NJDPA and GDPR share the same core architecture: data subject rights, consent for sensitive data, data protection assessments, and processor contracts. Key differences: GDPR requires a legal basis for all processing; NJDPA uses an opt-out model for general processing and opt-in for sensitive data. GDPR fines are much higher (up to 4% of global revenue vs. $20K/violation for NJDPA). GDPR has broader territorial reach.
What GDPR requirements apply to New Jersey pharmaceutical companies?
NJ pharma companies (J&J, Merck, Bristol Myers Squibb have NJ operations) must comply with GDPR for EU clinical trial participant data, EU patient data from drug commercialization, and EU employee data. EU CTR (Regulation 536/2014) adds specific clinical trial data requirements. Explicit consent is required for health data. Standard Contractual Clauses are required for EU-to-NJ data transfers.
Who enforces NJDPA?
The New Jersey AG enforces the NJDPA. There is no private right of action — consumers cannot sue directly. The AG can seek civil penalties up to $10,000 per first violation and $20,000 per subsequent violation. The AG provides a 30-day cure period for first violations.
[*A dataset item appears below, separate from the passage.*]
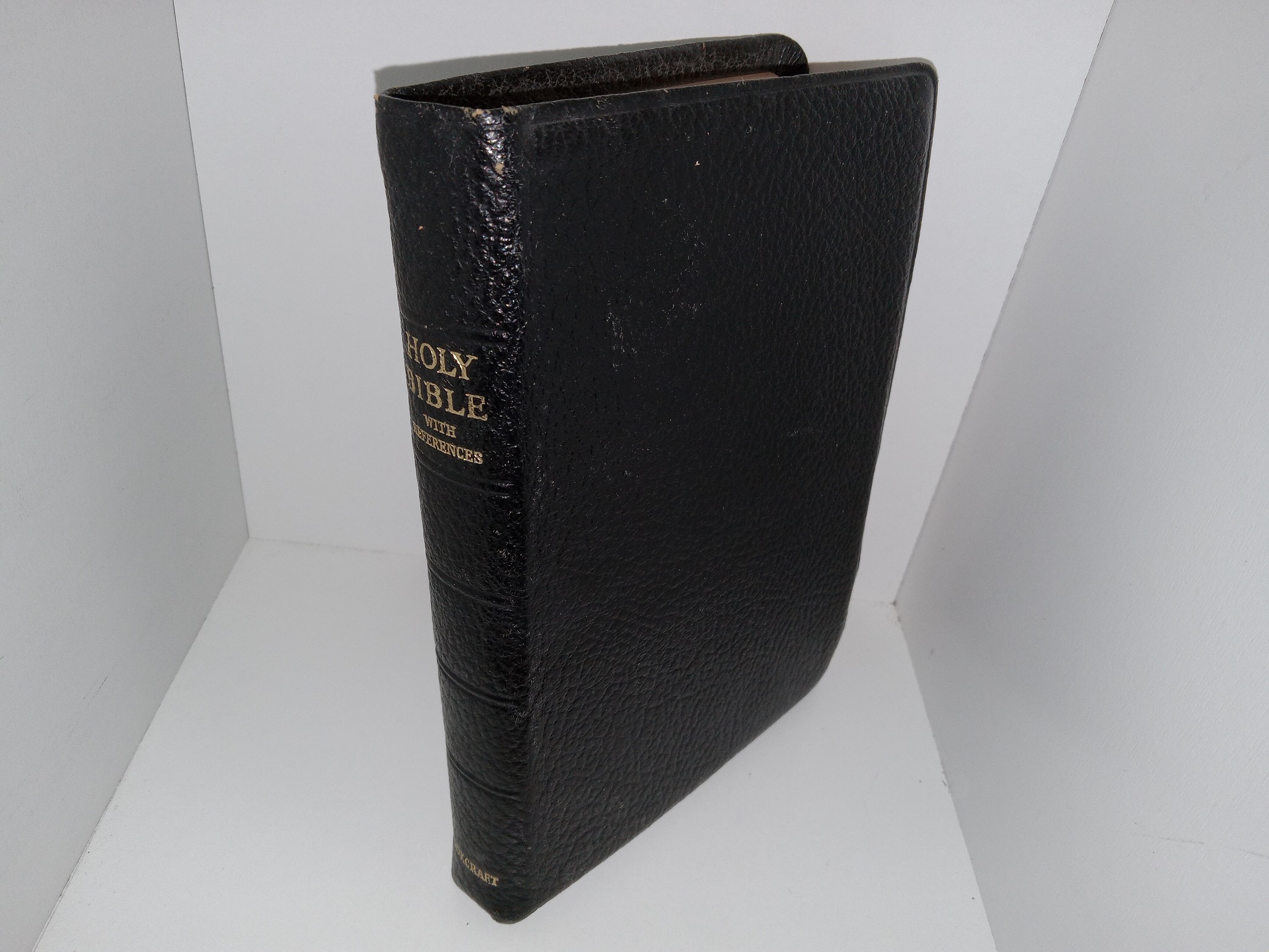 Good condition, black, leather-bound book. The cover has some minor scuffing at the corners, edges, and on the spine. The edges of some pages have scratches. The third flyleaf has writing in pencil. Text and illustrations throughout are clean, clear, and legible.
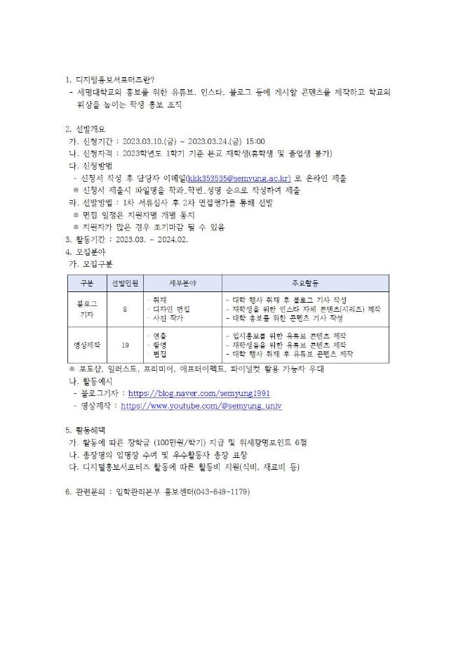 본문 시작 홈으로 커뮤니티 학과소개 입학정보 교수소개 학과과정 커뮤니티 공연예매 안내 홈페이지가이드 포토갤러리 공지사항 포토갤러리 작품DB 동아리 학사일정 학생회 포토갤러리 페이스북 트위터 프린트 2023학년도 세명대학교 디지털 홍보 서포터즈 연기예술학과 2626 2023-03-14 2023학년도 세명대학교 디지털 홍보 서포터즈 목록 이전2023학년도 1학기 개강총회 안내문 다음 2023학년도 학생위원회 신규위원 모집 담당부서 : 연기예술학과 담당자 : - 연락처 : 043-649-1733 최종수정일 : 2024-10-26 만족도조사 만족도 조사 이 페이지에서 제공하는 정보에 대하여 만족하시나요? 매우만족 만족 보통 불만족 매우불만족

GDPR violations are enforced separately by EU supervisory authorities.
What is the timeline for NJDPA compliance?
The New Jersey Data Privacy Act took effect January 15, 2025. Enforcement by the NJ AG began immediately. Businesses had the period from legislative enactment (January 2024) to the effective date to prepare. NJ businesses that have not yet assessed NJDPA applicability, published compliant privacy notices, or implemented consumer rights systems are at immediate enforcement risk.